The iconic event may not be as feel-good as it seems
By CLARA FISCHER — firstname.lastname@example.org
The Macy’s Thanksgiving Day Parade has long been a tradition associated with the holiday. Dating back to 1924, it originated as a Christmas celebration, and has since evolved into one of American Thanksgiving’s most recognizable trademarks.
However, it seems a bit odd that so many celebrate the holiday of giving back by watching what is, at its core, a glorified three-hour long commercial.
While the parade is expensive (some experts estimate that Macy’s spends upwards of $10.4 million on the ordeal every year) and some may not see it as a worthy investment for a company that is one of the last remaining giants of the dying department store industry, the exposure Macy’s gets from the event far surpasses the costs of putting it on.
From an economic viewpoint, the branding is ingenious — the Macy’s name is so synonymous with the affair that many refer to it simply as “The Macy’s Day Parade.”

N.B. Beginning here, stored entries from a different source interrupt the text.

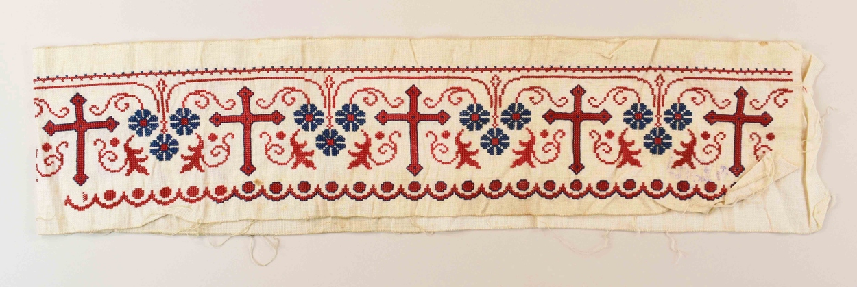 Rand van superplie geborduurd met o.a. blauwe bloemen en rode kruisen, niet voltooid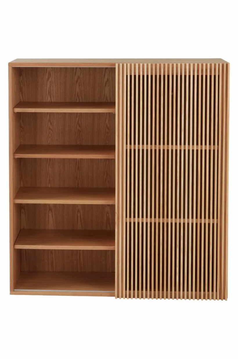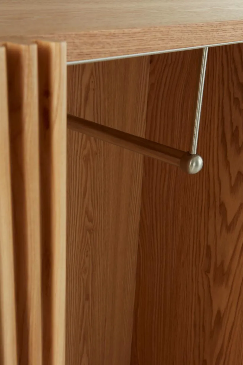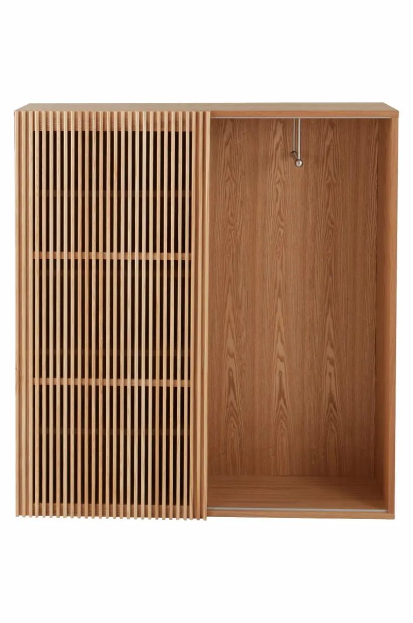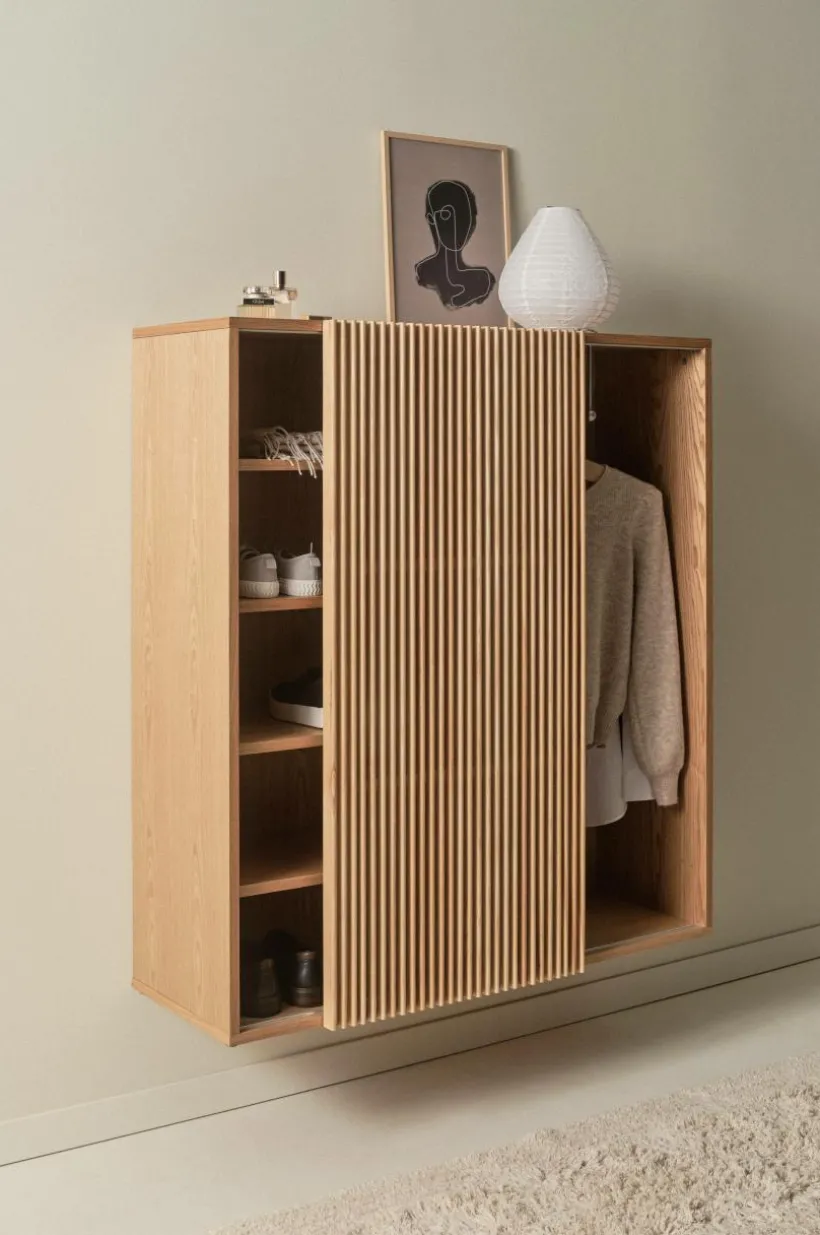 Vägghängt skåp, perfekt hallförvaring med en skjutdörr av massiv ask, stomme av MDF med askfaner. Skåpet ger en naturlig känsla i sin skandinaviska stil med en touch av retro. Den stilrena dörren består av askribbor med rundad kant och lätt transparens uppstår i mellanrummen. Skjutdörren döljer halva skåpet där det finns hängare för kläder och resterande del blir öppna hyllor för till exempel skor, väskor, mössor och vantar. Skåpet har ett fyra hyllplan som kan justeras i höjd. Skruvar medföljer. Viss montering krävs. Monteringsanvisning medföljer.
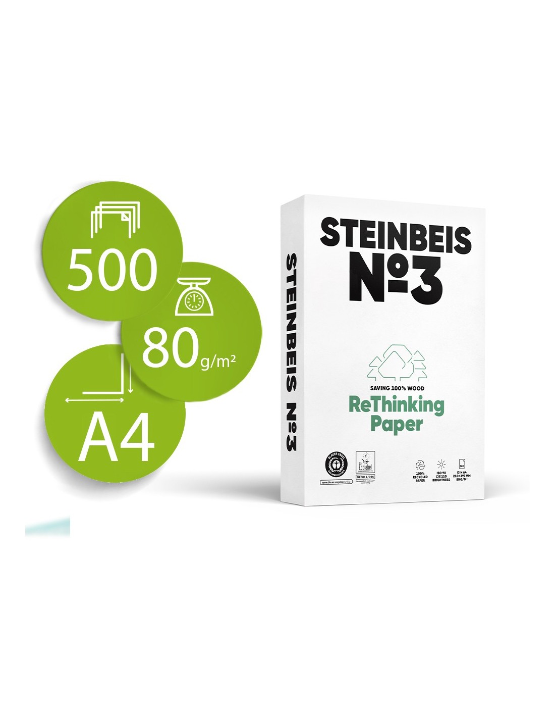 PAPEL FOTOCOPIADORA STEINBEIS N.3 100% RECICLADO A4 80 GR PQ.DE 500H.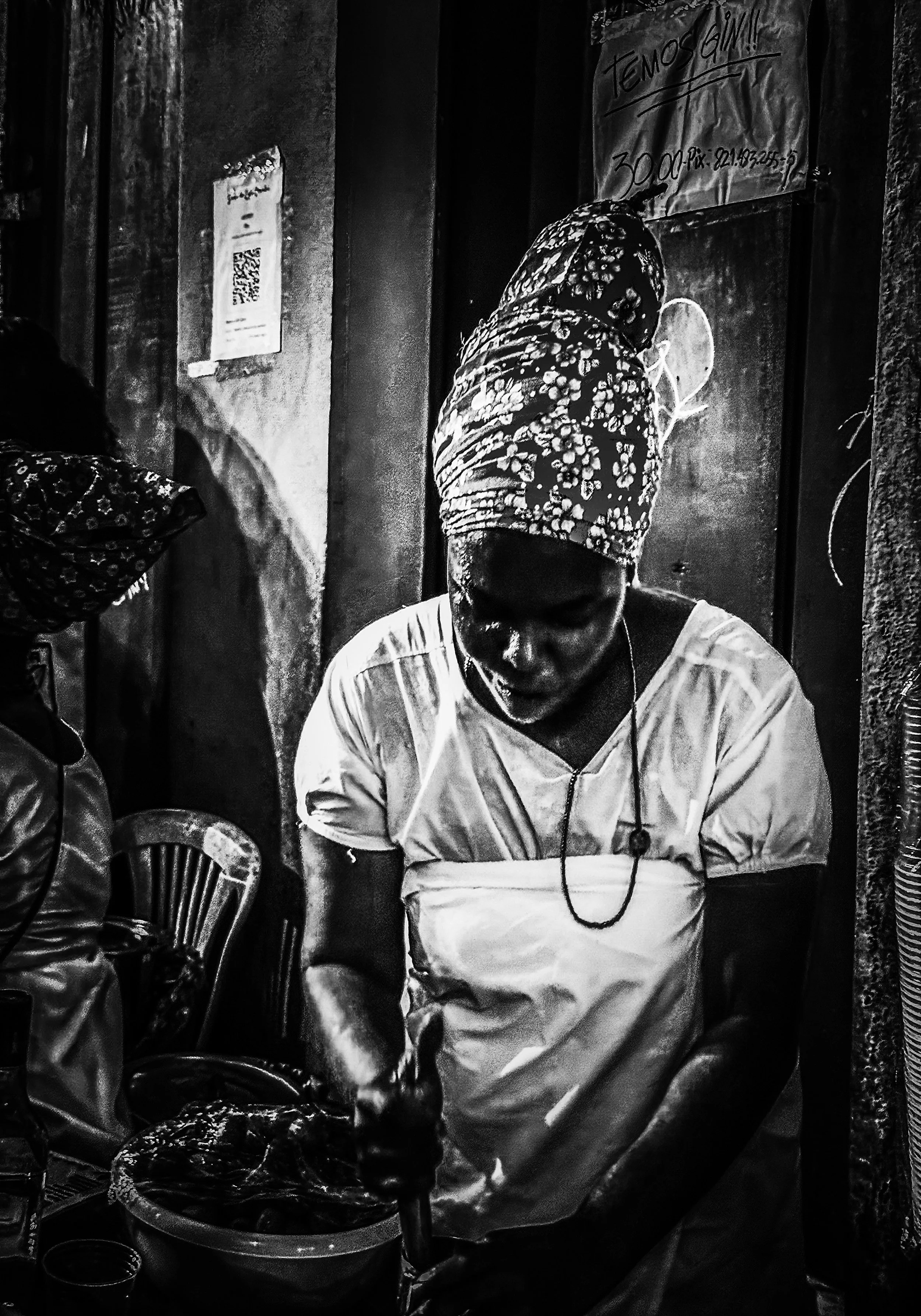 Fotografia documental que retrata o gesto cotidiano de preparo de alimento, protagonizado por uma mulher afro-brasileira em contexto popular. A imagem destaca o trabalho manual como expressão de sustento, cuidado e continuidade cultural.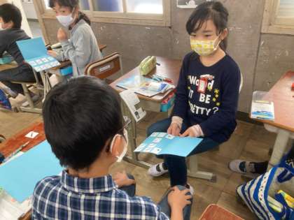 お道具箱セットをもらった子は,とても喜んでいました。今日の宿題でDo you have?の表現でおうちの方に尋ねてみようと伝えています。また答えていただけたらと思います。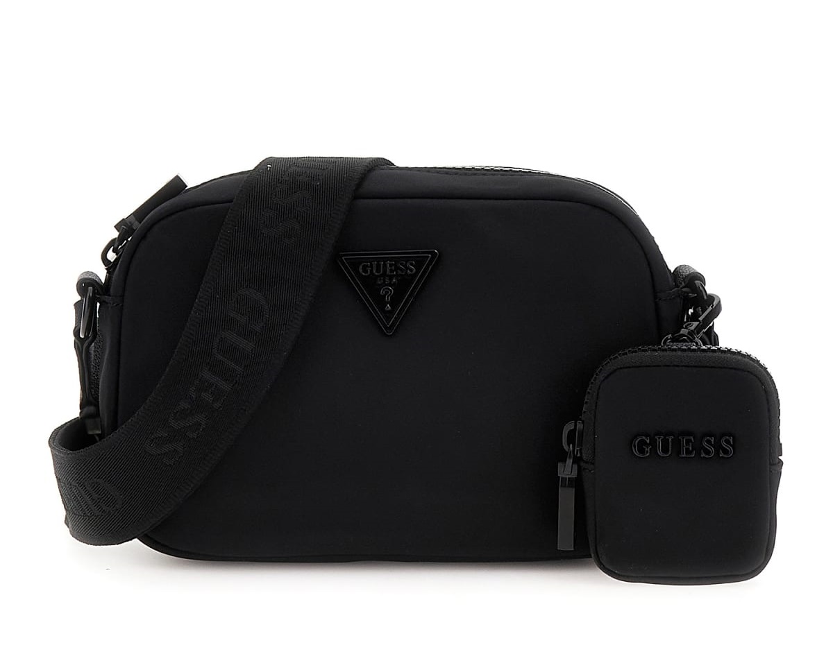 Snygg solid svart Guess-väska, inklusive en handväska.
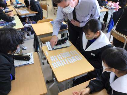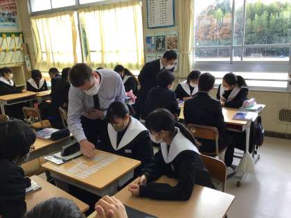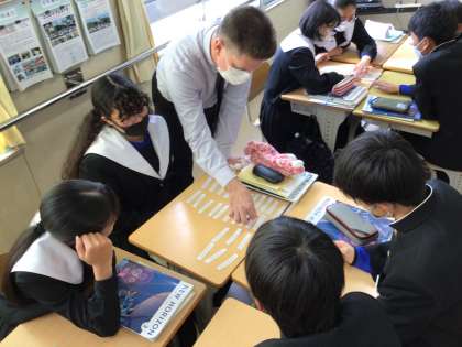 英語では、ALTのジョン先生と英作文についてグループで活動しています。
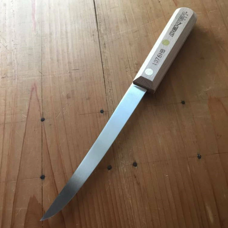 Dexter Russell #1376HB 6″ flexible ham-boning knife. Carbon steel with riveted beech wood handle. Made in USA.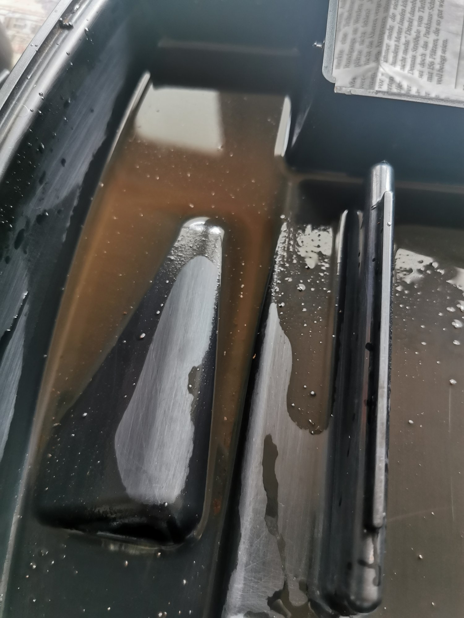 Alles Wasser läuft in die Auffangschale (heiß, dampfte noch). Also bis zum Erhitzer passt alles.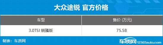 大众途锐3.0TSI锐臻版上市 售价75.58万元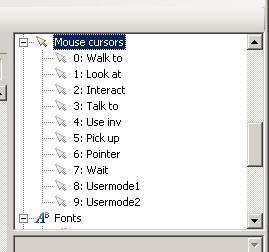 The Cursors editor pane is fairly self-explanatory. Use the property grid to set a graphic for the cursor; and click inside the graphic to set the cursor's hotspot, as we did for inventory items. (The hotspot sets which spot under the cursor will be activated when you click with it).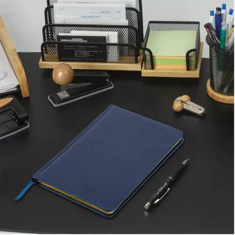 Внутренний блок включает 160 листов тонированной бумаги плотностью 70 г/м2. Каждая страничка имеет перфорированный угол. Благодаря большому формату А4 (210х297 мм) ежедневник удобно использовать как в офисе, так и на выездных деловых встречах.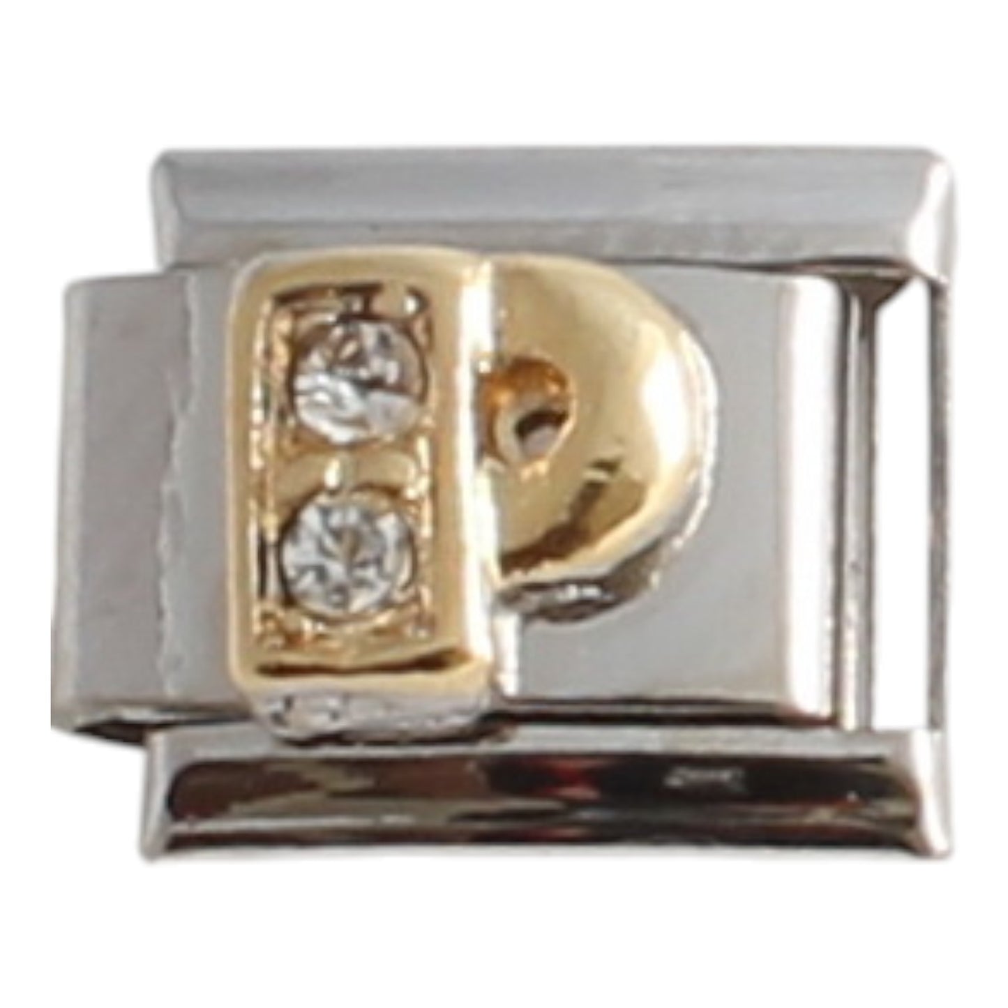 CZ Letter P enamel &or metal charm is soldered onto a stainless steel Italian charm. This charm fits any 9mm Italian charm bracelet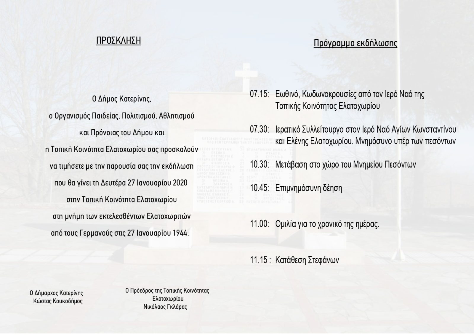 Αρχική Κατερίνη Δήμος Κατερίνης: Εκδήλωση Μνήμης Εκτελεσθέντων Ελατοχωριτών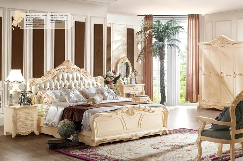 Home > Products > Home use furniture series > 2016 The Antique Luxury King Size Wood Bedroom Furniture Set/french Style Bed

This kind of brand recognition provides exposure that comes at a critical time in the year. The parade takes place from 9 a.m. EST to 12 p.m. EST on Thanksgiving Day — a time during which many American families are relaxing before going through the stress of cooking Thanksgiving dinner. More importantly, it streams just before the biggest commercial event of the year: Black Friday.
By hosting the extravagant march of themed floats and giant helium balloons just mere hours before the dawn of the shopping event, Macy’s discreetly plants the brand in consumers’ subconscious minds, increasing their likelihood of making a stop at the department store as they hunt for deals.
To maximize the chances of this happening, the marketing of the event has been aimed at children. The goal is to entice the younger demographic with giant blown-up versions of their favorite cartoon characters in the hopes that they will influence their parents to purchase the correlating merchandise at Macy’s (which, conveniently, is already on sale for Black Friday).
Another important note is that while the parade has been running since 1924, the first Native American land acknowledgment — commemorating one of the most important historical and cultural aspects of Thanksgiving — did not come until 2020, more than 70 years after it first aired. This major delay seems to show that the event was designed as a glittering commercial spectacle that seeks to glorify the materialistic spirit of the holiday season.
While it is easy to tune out and enjoy the entertaining cultural spectacle powered by sheer human ingenuity (one individual balloon can take up to a year to develop before it is ready to fly), there seems to be something sinister about the grandeur of the whole performance.
At the end of the day, viewers can interpret the parade as something put on in the hopes that consumers will be swayed to give Macy’s their money, or they can see it as a longstanding holiday tradition that delights families across the nation. Either way, it’s important to keep in mind the complex history of the holiday and make the most out of the non-materialistic heritage that comes with the season of giving back.